The biggest problem is, how to measure accessibility? A program can only tell you when a web site fails in certain accessibility oriented test. But it can never tell, if a page is accessible. For example we can check how many images have alt-text, but we can't tell if the alt-text is meaningful. And so we can't even say, that a site with alt-text is more accessible than a site without.

img src="a_company_logo.jpg" alt="image"

This is the reason, why I didn't include the accessibility testing into my todo-list. (Well, maybe I do some accessibility testing afterall, but I don't consider it a high priority at the moment.)

I'll probably make a post to WSG, when I have made some more preparations and compiled a more extensive todo-list... stay tuned :)

But for anyone who would like to do some massive accessibility testing, I have an idea to offer:

1) It's clear, that no automated testing can really prove, if a site is accessible.
2) It's also clear, that no human being can survive seeing the "Cynthya Say's" report more than 83 times in a row :)

But what if you take 100 accessibility-aware volunteers from WSG-list and each of those measures the accessibility of about 10 sites?

With careful planning and organization, this could be something that would make even Jakob Nielsen fall off he's chair...

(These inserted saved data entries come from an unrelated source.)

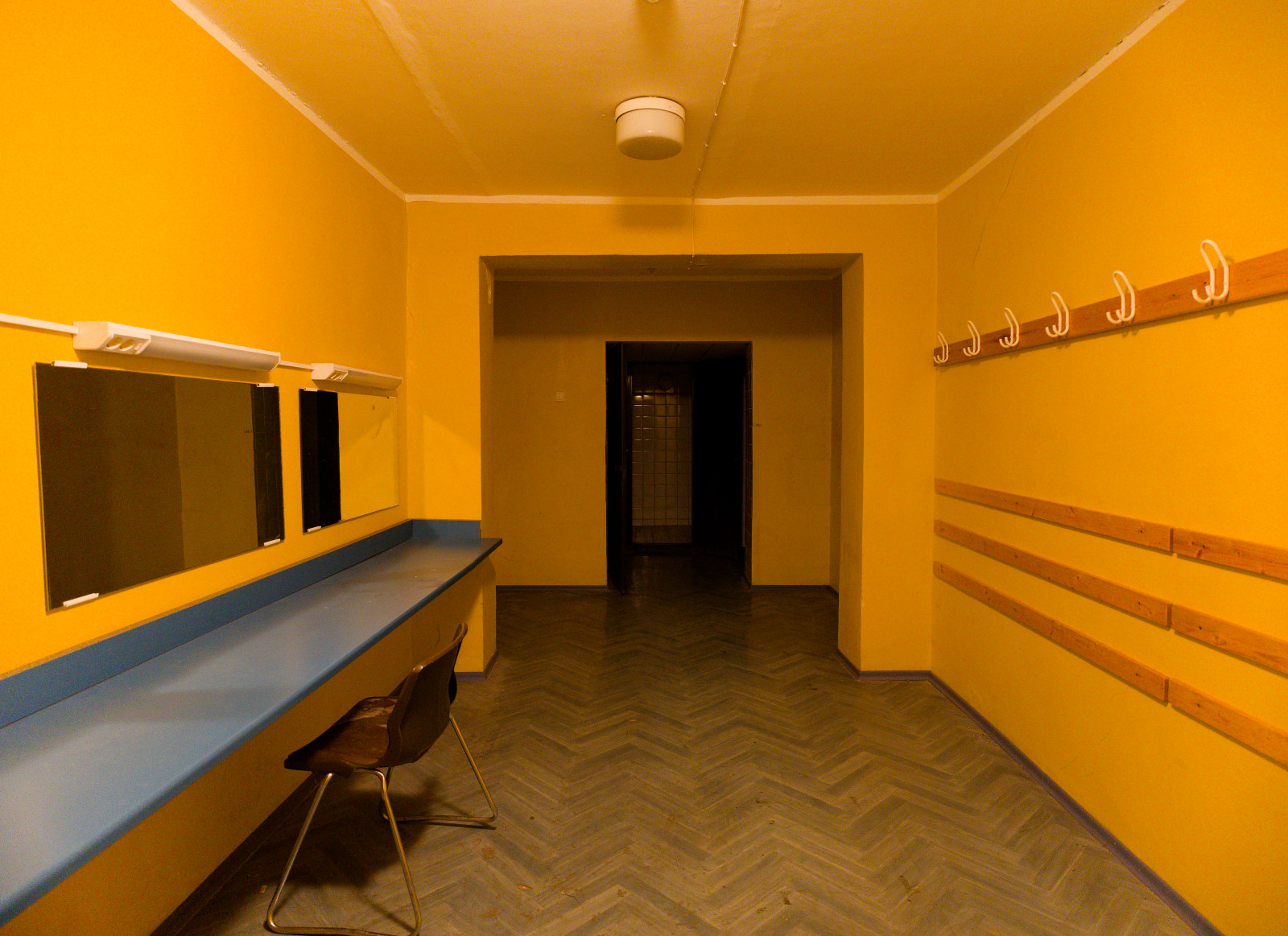 Backstage room. Looks more like gym dressing room than hosting place for stars.
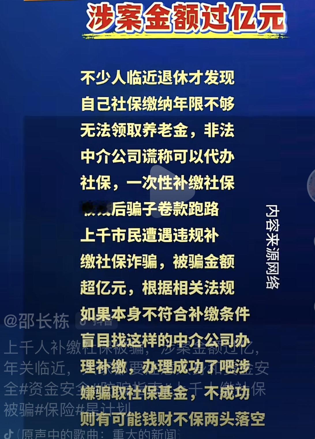 10几个w打了水漂,广州上千人一次性缴清社保被坑上亿! 广州上千人通过第三方代理平台补缴社保,原以为60岁就可以拿到退休金,可被告知缴费无效!第三方代缴平台你也敢信?这些所谓的公司能钻空子,就是利用正规企业补缴社保巨难这个漏洞。 其实,城乡居民养老保险可以补,城市自由职业社保和职工社保是不可以补的,但能否一次性补交完,要按当地政策执行。如果不能一次性补交,就只能一年一年交,直到交够,才能开始领养老金,没交够最低年限,即使年龄已经超过退休年龄,也不能领退休金。这个一定要到社保局去办理,由别人代就肯定钱没了。 关键是,为什么有些公司能钻空子,正规企业补交都特别难,为什么这种皮包公司能办,这才是可怕的事情。
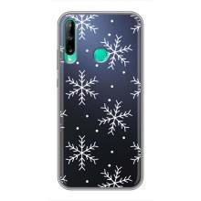 Зимні Чохли для Хуавей Р40 Лайт е - прозорий фон - Білі сніжинки
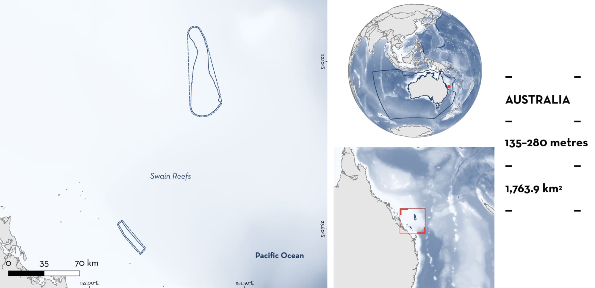 Swain Reefs is located off central Queensland, Australia. This split area is situated on the outer edge of the continental shelf on the southern Great Barrier Reef. The reef lies ~200 km off the coast of mainland Australia, and is characterised by a mosaic of small, flat-topped platforms beside a steep drop-off. The area is dominated by hard coral coverage, which creates various structures including caves, overhangs, terraces, and ledges (Marine Life Network 2025). The substrate is sandy (Marine Life Network 2025). It is separated from mainland Australia by the Capricorn Channel (Benthuysen et al. 2022).

Posted by: Rene Saarsoo | Nov 1, 2005 11:01:00 PM

Rene,

> Very few sites really present tabular data at their very first page

Actually of the 83 I survived, I think none did. I think your suggestion is good, but not perfect. I would suggest that nested tables almost certainly indicate tables for layout - as well as colspans and rowspans. I am sure it would be doable.

> table border="0" cellpadding="0" cellspacing="0" width="728"

actually, something close to that is in the article for the tables of results :-)

As I mention in the original presentation, with accessibility, I was not concerned to test whether a site is accessible, but rather whether is following basic priority 1 and 2 WCA Guidelines. Its a basic benchmarking thing. As soon as you get people involved, unless the methodology is objective, you get inconsistencies, that's why I have tried to be as objective as possible.

j

Posted by: john Allsopp | Nov 3, 2005 10:17:56 AM

Rene,

- img src="a_company_logo.jpg" alt="image"

The last time I used Cynthia Says I seem to remember that it checked if alts contained only the word image and failed the page if so. Perhaps you chose the wrong example in this case.